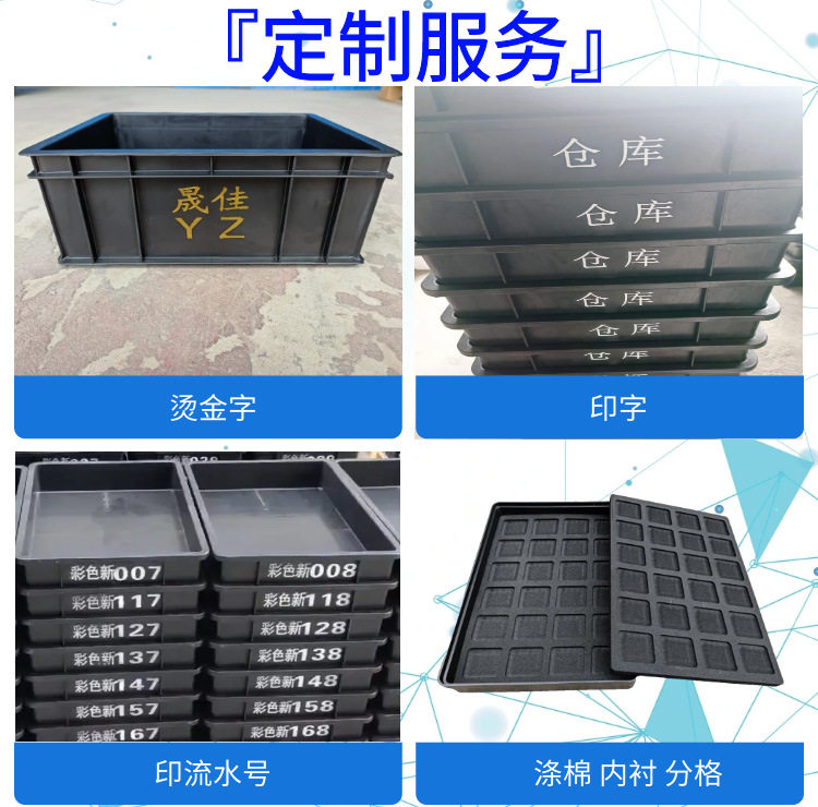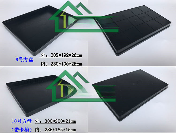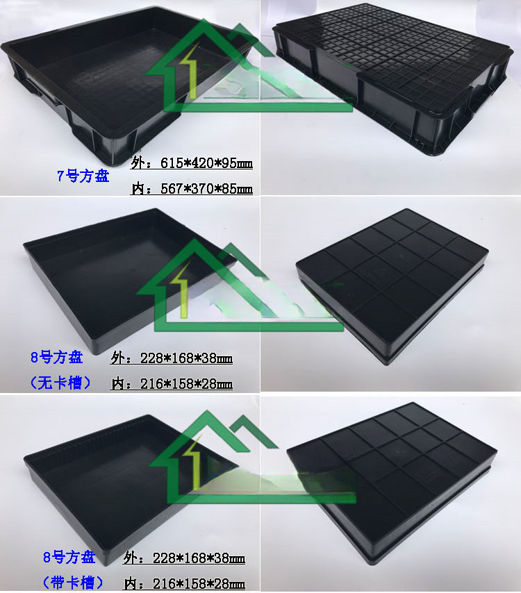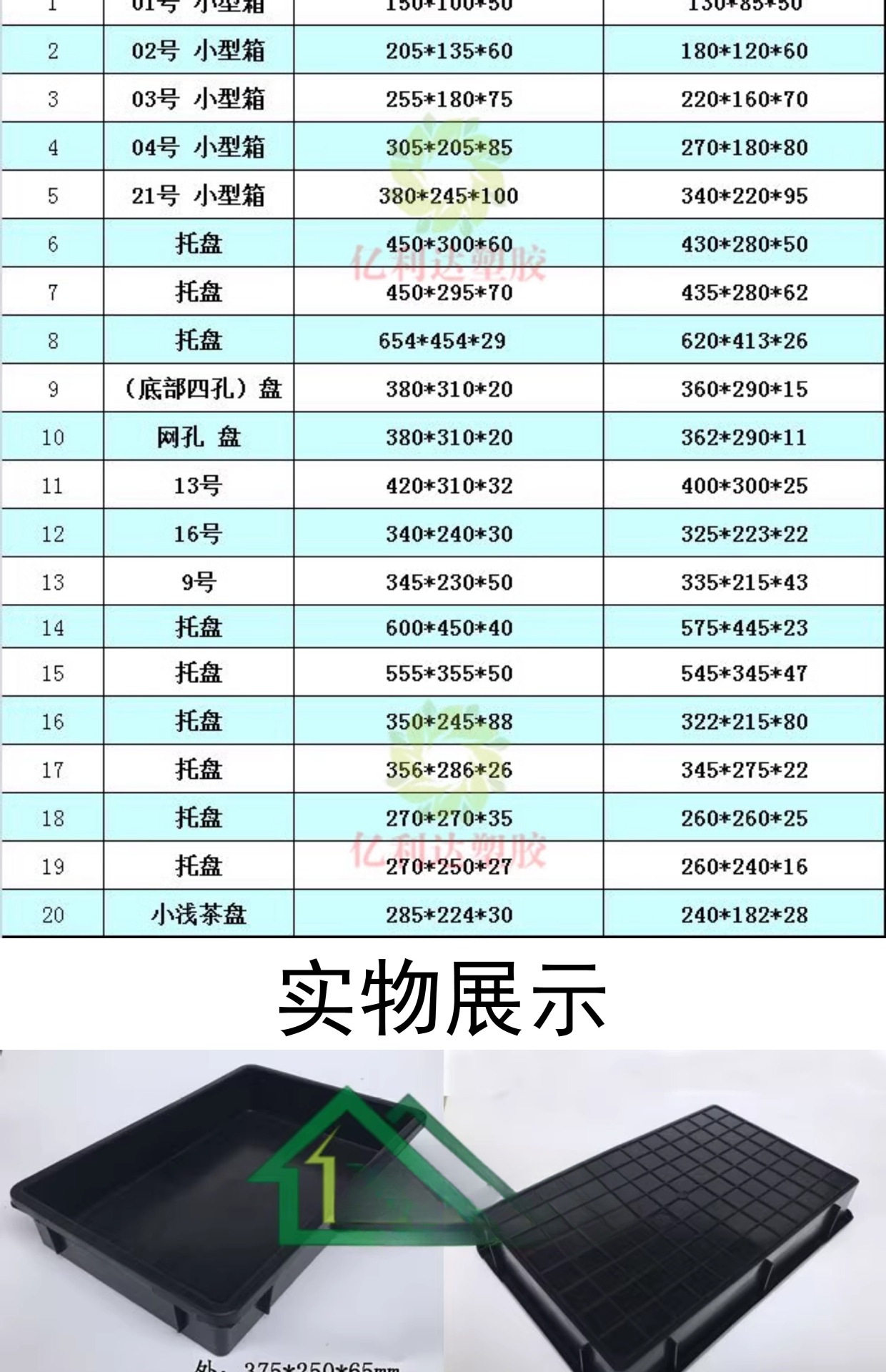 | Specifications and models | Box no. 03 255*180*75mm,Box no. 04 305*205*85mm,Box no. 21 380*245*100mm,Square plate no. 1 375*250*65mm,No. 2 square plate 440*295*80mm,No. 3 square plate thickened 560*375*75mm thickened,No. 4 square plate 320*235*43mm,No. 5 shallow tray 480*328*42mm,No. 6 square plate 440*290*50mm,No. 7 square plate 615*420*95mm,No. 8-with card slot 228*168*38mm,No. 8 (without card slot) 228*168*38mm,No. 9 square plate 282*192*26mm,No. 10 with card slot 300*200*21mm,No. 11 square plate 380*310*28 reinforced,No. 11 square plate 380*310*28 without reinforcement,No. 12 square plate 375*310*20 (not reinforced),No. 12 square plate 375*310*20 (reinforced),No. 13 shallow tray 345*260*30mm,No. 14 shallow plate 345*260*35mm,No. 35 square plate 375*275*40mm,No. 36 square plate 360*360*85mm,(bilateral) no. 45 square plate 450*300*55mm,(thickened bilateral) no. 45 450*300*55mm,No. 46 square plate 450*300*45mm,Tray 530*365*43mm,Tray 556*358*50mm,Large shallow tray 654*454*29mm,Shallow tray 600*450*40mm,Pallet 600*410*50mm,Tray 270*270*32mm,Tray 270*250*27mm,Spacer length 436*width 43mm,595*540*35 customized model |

--

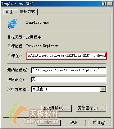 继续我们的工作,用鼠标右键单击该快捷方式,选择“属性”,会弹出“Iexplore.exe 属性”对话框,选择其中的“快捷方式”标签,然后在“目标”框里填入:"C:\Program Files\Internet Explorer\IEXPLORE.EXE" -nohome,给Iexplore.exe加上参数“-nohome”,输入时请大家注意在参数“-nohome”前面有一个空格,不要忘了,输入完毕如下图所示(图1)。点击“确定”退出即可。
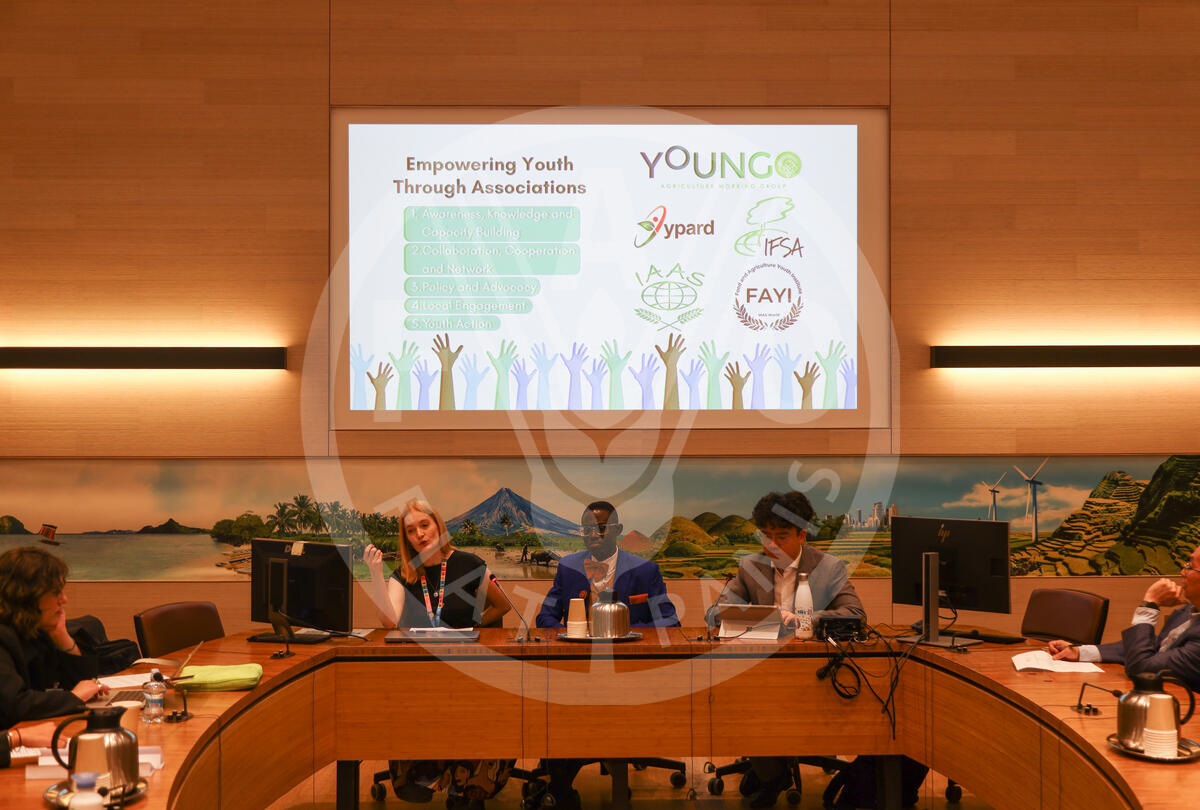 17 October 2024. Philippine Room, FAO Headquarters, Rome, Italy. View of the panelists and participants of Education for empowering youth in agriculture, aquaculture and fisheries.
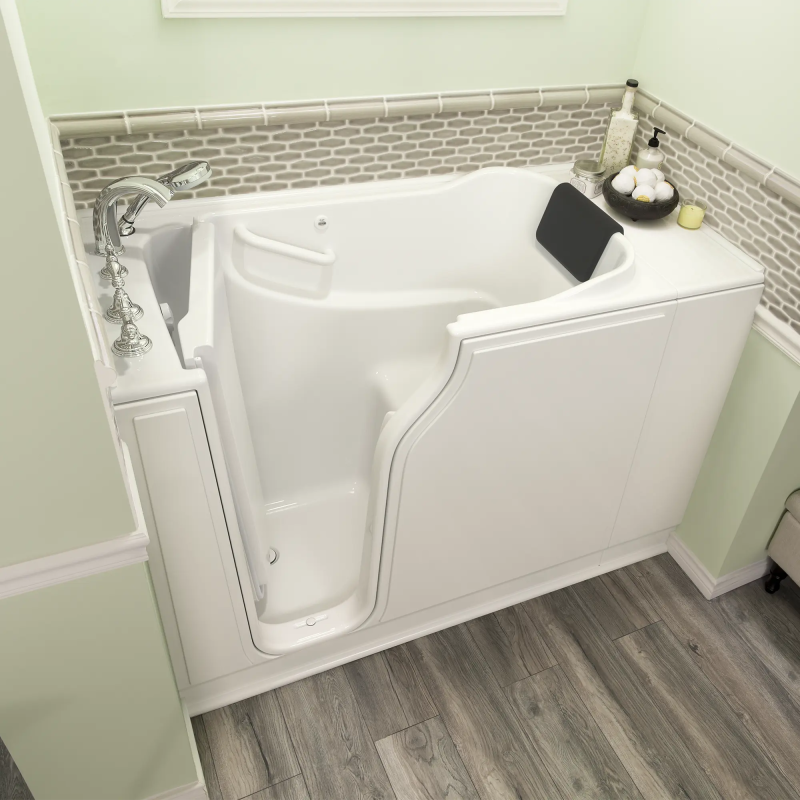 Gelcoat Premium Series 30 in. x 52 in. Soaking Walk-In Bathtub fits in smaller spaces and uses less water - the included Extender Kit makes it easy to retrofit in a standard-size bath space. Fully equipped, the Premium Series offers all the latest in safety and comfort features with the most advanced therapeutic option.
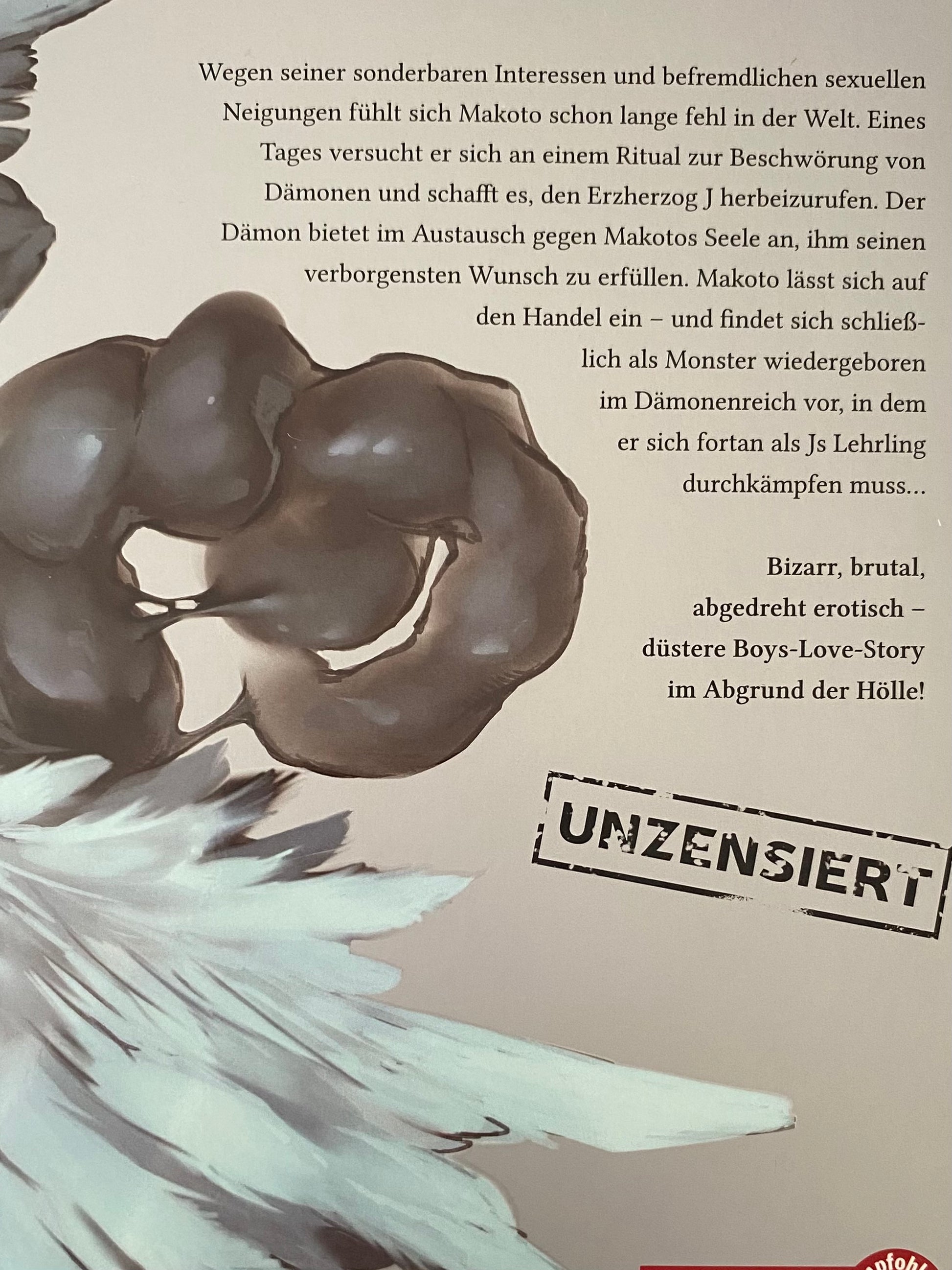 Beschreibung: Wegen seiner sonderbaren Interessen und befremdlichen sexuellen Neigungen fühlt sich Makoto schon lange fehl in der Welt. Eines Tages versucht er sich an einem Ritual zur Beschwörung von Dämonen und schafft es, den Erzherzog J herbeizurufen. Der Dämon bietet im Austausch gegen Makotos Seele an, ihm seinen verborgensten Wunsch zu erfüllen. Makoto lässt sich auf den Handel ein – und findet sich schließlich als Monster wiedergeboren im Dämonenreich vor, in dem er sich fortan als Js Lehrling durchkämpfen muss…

To do >>
Print, word for word, the lines above that run from the line containing "Gelcoat Premium Series" to the line containing "Beschreibung: Wegen seiner", both included. Keep the pictures out.

Response for this exercise >>
 Gelcoat Premium Series 30 in. x 52 in. Soaking Walk-In Bathtub fits in smaller spaces and uses less water - the included Extender Kit makes it easy to retrofit in a standard-size bath space. Fully equipped, the Premium Series offers all the latest in safety and comfort features with the most advanced therapeutic option.
 Beschreibung: Wegen seiner sonderbaren Interessen und befremdlichen sexuellen Neigungen fühlt sich Makoto schon lange fehl in der Welt. Eines Tages versucht er sich an einem Ritual zur Beschwörung von Dämonen und schafft es, den Erzherzog J herbeizurufen. Der Dämon bietet im Austausch gegen Makotos Seele an, ihm seinen verborgensten Wunsch zu erfüllen. Makoto lässt sich auf den Handel ein – und findet sich schließlich als Monster wiedergeboren im Dämonenreich vor, in dem er sich fortan als Js Lehrling durchkämpfen muss…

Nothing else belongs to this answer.